Os graves problemas enfrentados pelo mundo do trabalho são ainda mais profundos
Os graves problemas enfrentados pelo mundo do trabalho são ainda mais profundos
A partir dos anos 80, ao mesmo tempo em que se ampliou o processo de internacionalização (agora não apenas de empresas e mercados, mas também financeira), verificou-se um crescimento da produção e da produtividade marcadamente desiguais segundo diferentes regiões do globo, países, empresas e indivíduos. A ampliação da concorrência internacional, a maior competitividade e a distribuição desequilibrada dos benefícios do progresso técnico terminariam por romper as relações econômicas e sociais do padrão de desenvolvimento anterior, gerando a atual (des)ordem econômica internacional e trazendo em seu bojo uma verdadeira desestruturação do mundo do trabalho que, embora em movimentos contraditórios, coloca novas e graves questões às sociedades capitalistas no limiar do século XXI.1
O capital reestruturou-se em nome da maior competitividade e globalização internacional, movendo-se crescentemente contra o trabalho organizado, questionando o anterior compromisso social e sua relação salarial. Tratou-se de um esforço concentrado de questionamento de direitos ou conquistas dos trabalhadores e das sociedades democráticas contemporâneas, obtidos no ambiente internacional do pós-guerra, com bipolaridade, Estado de Bem-Estar, políticas econômicas voltadas ao pleno emprego e crescimento estável.

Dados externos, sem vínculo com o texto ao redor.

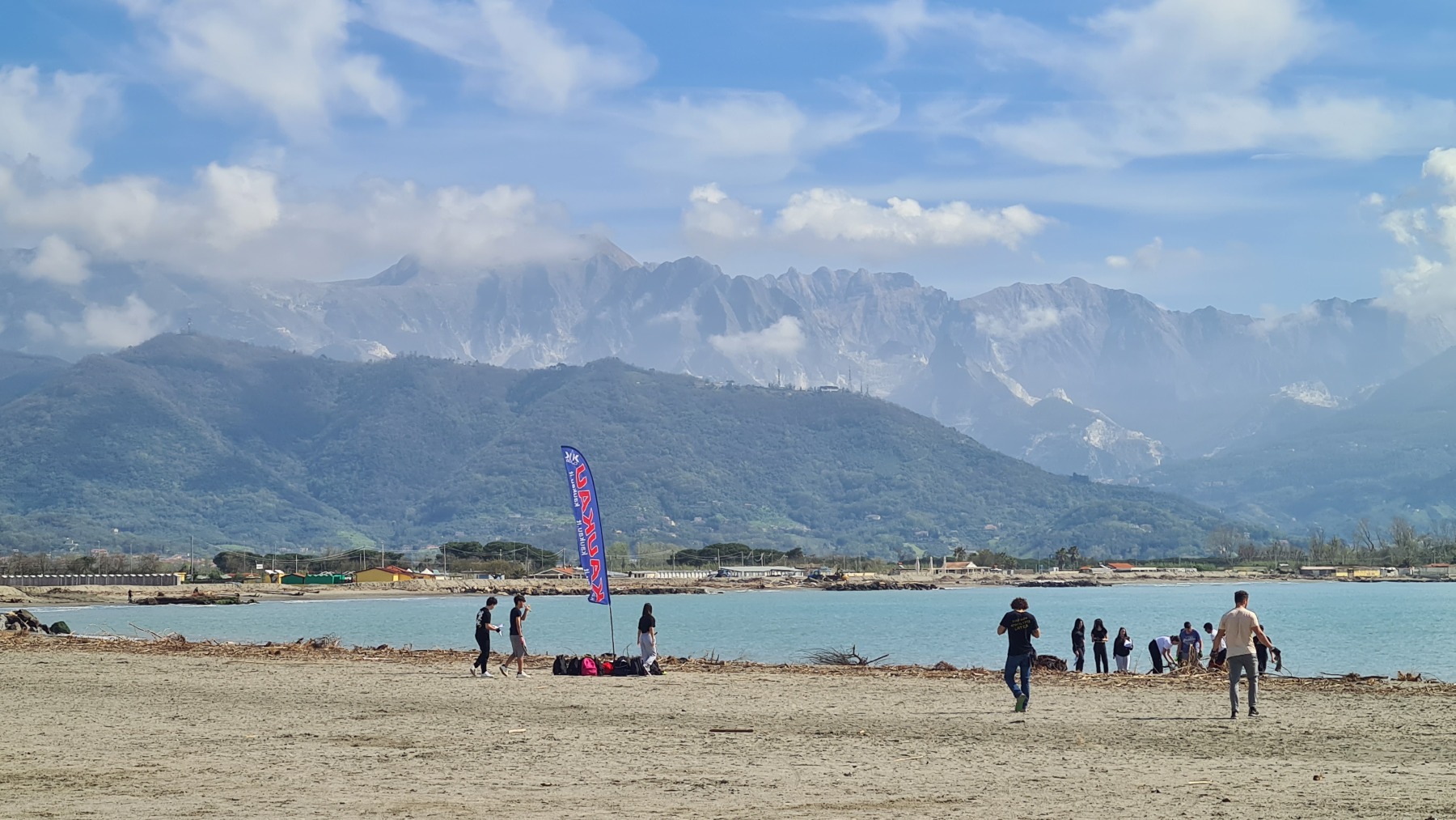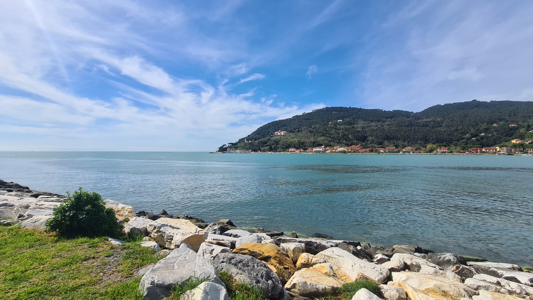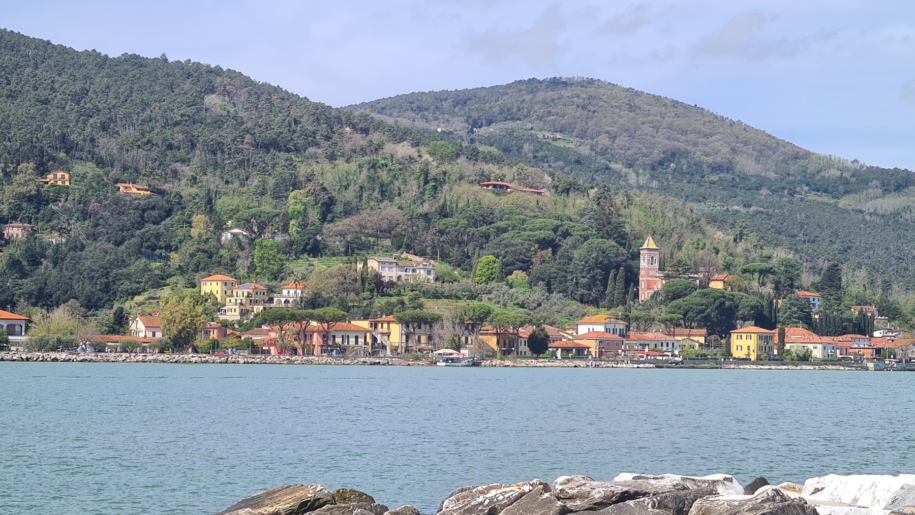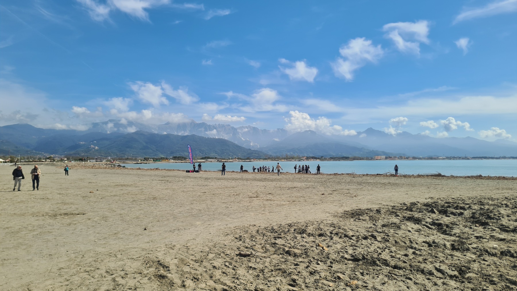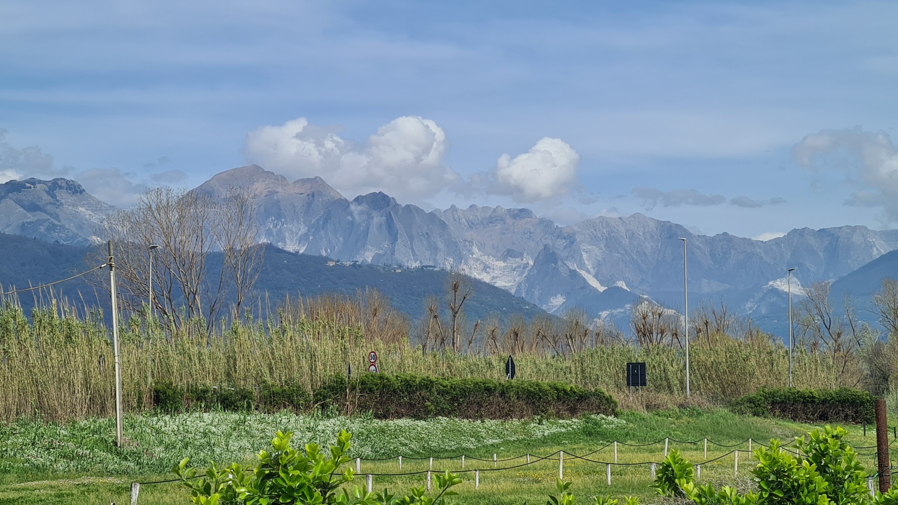 Après un peu de relief pour rejoindre la vallée de la Magra qui forme la frontière entre Ligurie et Toscane, notre itinéraire a suivi la côte pendant plus de 30 km. Une côte toscane bien différente de la Riviera ligure que nous avons suivi depuis Vintimille puisque le relief a disparu, que la côte est très rectiligne et quasiment entièrement privatisée. Nous avons donc pu suivre une belle piste cyclable, à quelques mètres de la plage sans pouvoir voir la mer cachée par les bâches vertes des plages privées !

Embora esta reestruturação do capitalismo tivesse apontado para a constituição de um novo trabalhador, mais escolarizado, participativo e polivalente, podendo inclusive ser portador de uma revalorização da ética e da utopia do trabalho, estes reduziram crescentemente sua participação relativa no emprego total e encontraram-se em meio a um processo de rupturas da antiga relação salarial e do próprio mundo do trabalho.
O surgimento daquele "novo" trabalhador teve como contrapartida, portanto, uma crescente massa de trabalhadores que, perdendo seus antigos direitos e não se inserindo de forma competitiva, ainda que funcional, no novo paradigma-tecnológico, tornou-se desempregada, marginalizada ou empregada sob "novas" formas de trabalho e qualificação, em relações muitas vezes precárias e "não-padronizadas". Com a maior fragmentação e heterogeneidade do mundo do trabalho romperam-se diferentes formas de defesas ou seguranças do trabalho constituídas no pós-guerra e reverteu-se o longo período de realinhamento da relação capital/trabalho, favorecendo uma crescente insegurança e desestruturação do mundo do trabalho.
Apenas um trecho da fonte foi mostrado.